Karith shrugged. “It’s not my place.”

“I’m not asking the sergeant, I’m asking Karith.”

“And Karith is answering the lieutenant.”

“Cut it,” Sargon hissed.

Karith ate a few spoonfuls of stew, then spoke again. “Well let me ask you a question, then. Do you think they’re better than Valasar?”

Sargon stared at her for a few seconds. “I have no idea.”

She raised one brow. “None.”

“Do you? How would we know? How would we actually know? It’s been…weeks? A month or two? How much of a measure of someone can you get in a couple of months?”

“I think you can get enough.”

“Well, do you think they’re better? I know the captain does. Do you?”

Karith considered the question before replying. “I trust the captain’s judgment.”

Sargon shook his head and let out a small sigh. “You haven’t got any opinions of your own, do you?”

“Everyone has opinions,” she said, “I just don’t think we should be discussing them when we’re on duty.”

“You have to be able to question things, Karith.”

“We have a job to do.”

“We do. But what if it isn’t the right job? What if we aren’t doing it for the right people?”

“You seem full of opinions this evening,” Karith said, before lifting her bowl to her lips and drinking the last dregs of the stew. Tasteless, but it was warm.

“I…I just…I think about this stuff,” Sargon said. “I think about how we’ll be presented in the history books. Are we on the right side here?”

Karith wiped a few errant drips from her red scales. “We’re on the side against Valasar, so as far as I’m concerned, yes.”

“Why? What is it about Valasar that made you defect with everyone else?”

“He’s the wrong person, and we had the chance to be with the right person.”

“Why is he the wrong person?”

Karith regretted getting herself into another of Sargon’s debates. “He’s not fit. People have been dying under his rule.”

“The commander and Lord Zorgar are murderers.”

“We’re all murderers.”

“Warriors aren’t murderers.”

“They’re the same thing.”

“Warriors protect people.”

“By murdering other people.” She smirked as he tried to change the conversation’s trajectory.

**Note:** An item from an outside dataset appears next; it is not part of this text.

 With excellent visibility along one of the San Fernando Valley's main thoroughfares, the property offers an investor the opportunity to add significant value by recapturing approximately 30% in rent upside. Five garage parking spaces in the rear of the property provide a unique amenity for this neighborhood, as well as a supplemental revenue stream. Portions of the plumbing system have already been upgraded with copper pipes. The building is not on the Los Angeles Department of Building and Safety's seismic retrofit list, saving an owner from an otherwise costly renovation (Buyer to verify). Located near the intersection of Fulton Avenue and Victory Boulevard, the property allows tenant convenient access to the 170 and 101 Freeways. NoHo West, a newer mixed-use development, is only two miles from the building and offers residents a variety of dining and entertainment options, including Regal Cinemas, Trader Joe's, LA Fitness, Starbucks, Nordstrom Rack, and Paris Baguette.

“A lot of people will die if we march on Scale.”

“And a lot will die if we don’t. Valasar goes to war with the Empire and we’ll lose thousands.”

“The Commander could very well do the same thing.”

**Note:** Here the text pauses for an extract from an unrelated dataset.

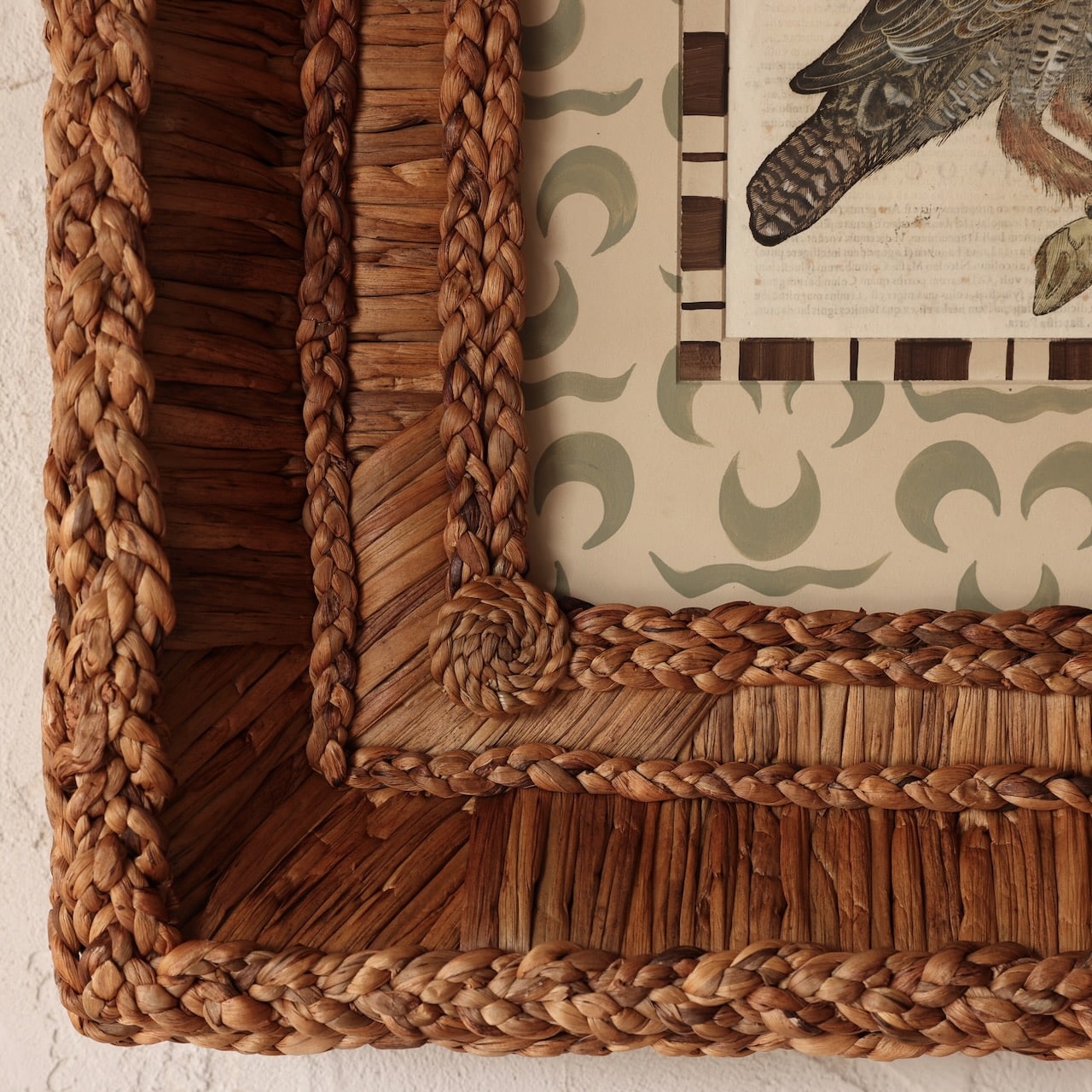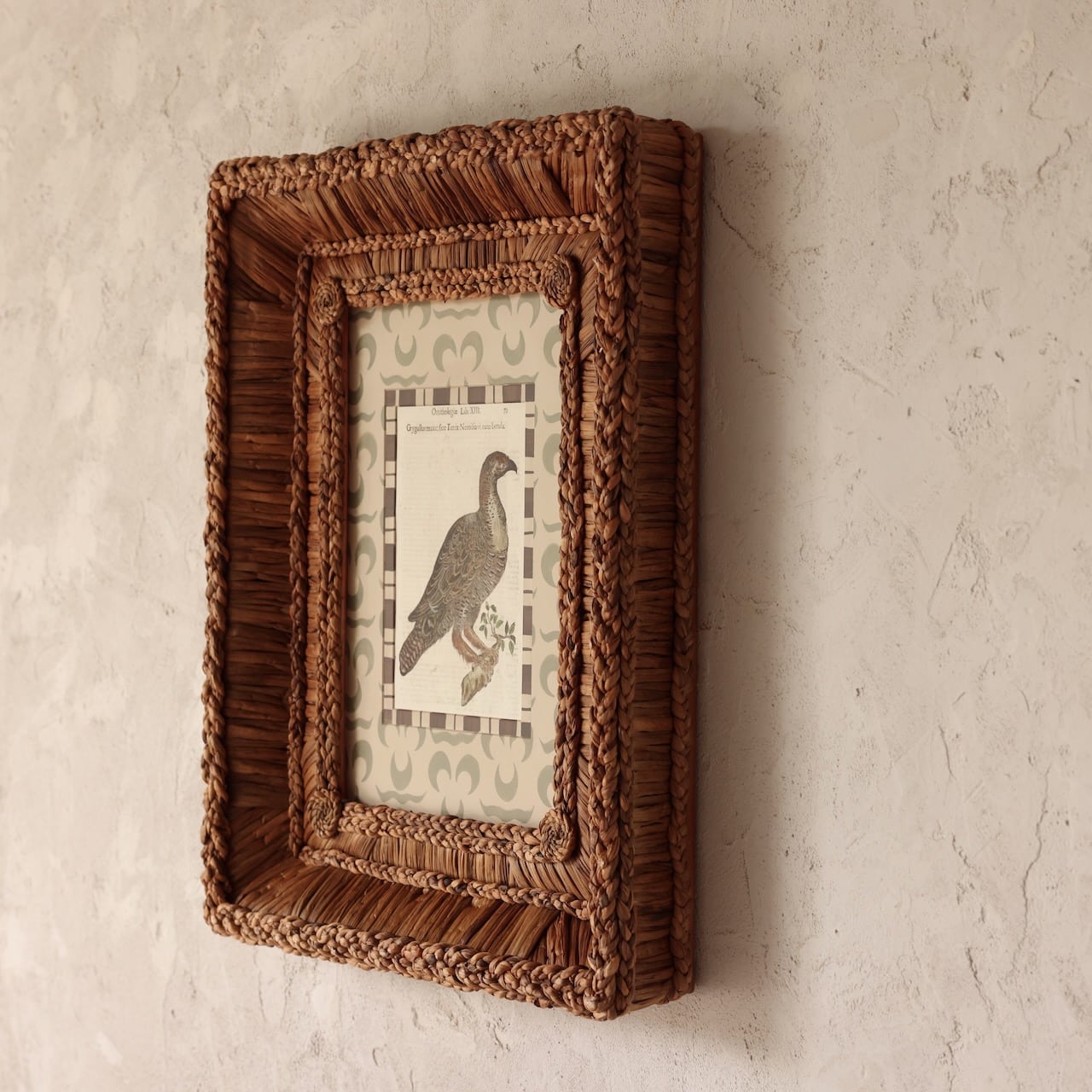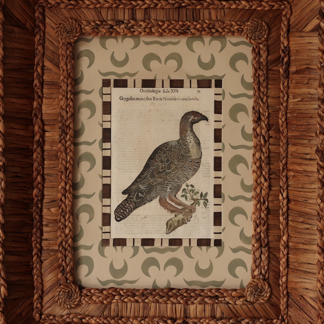 Aldrovandi Engraving encased in our hand-woven frame, hand-tied and knotted, featuring a hand-painted mat.

Karith gave a smile and a shrug. “What would you suggest we do, then? You know Valasar won’t back down.”

“I—” Sargon sighed. “I don’t know. Sometimes I just feel as if we’re pawns in other people’s squabbles.”

“That’s the soldier’s life,” she said.

Sargon sighed again and fell silent. He leant back against the ship hull, looking towards the ceiling. “It…it just makes me so…angry…to think how many people could die because of one man’s ego and the family he happened to be born into,” he said after a while.

Karith raised an eyebrow. “The commander or Valasar?”

He leant his head forward and looked at Karith. “Does it matter?”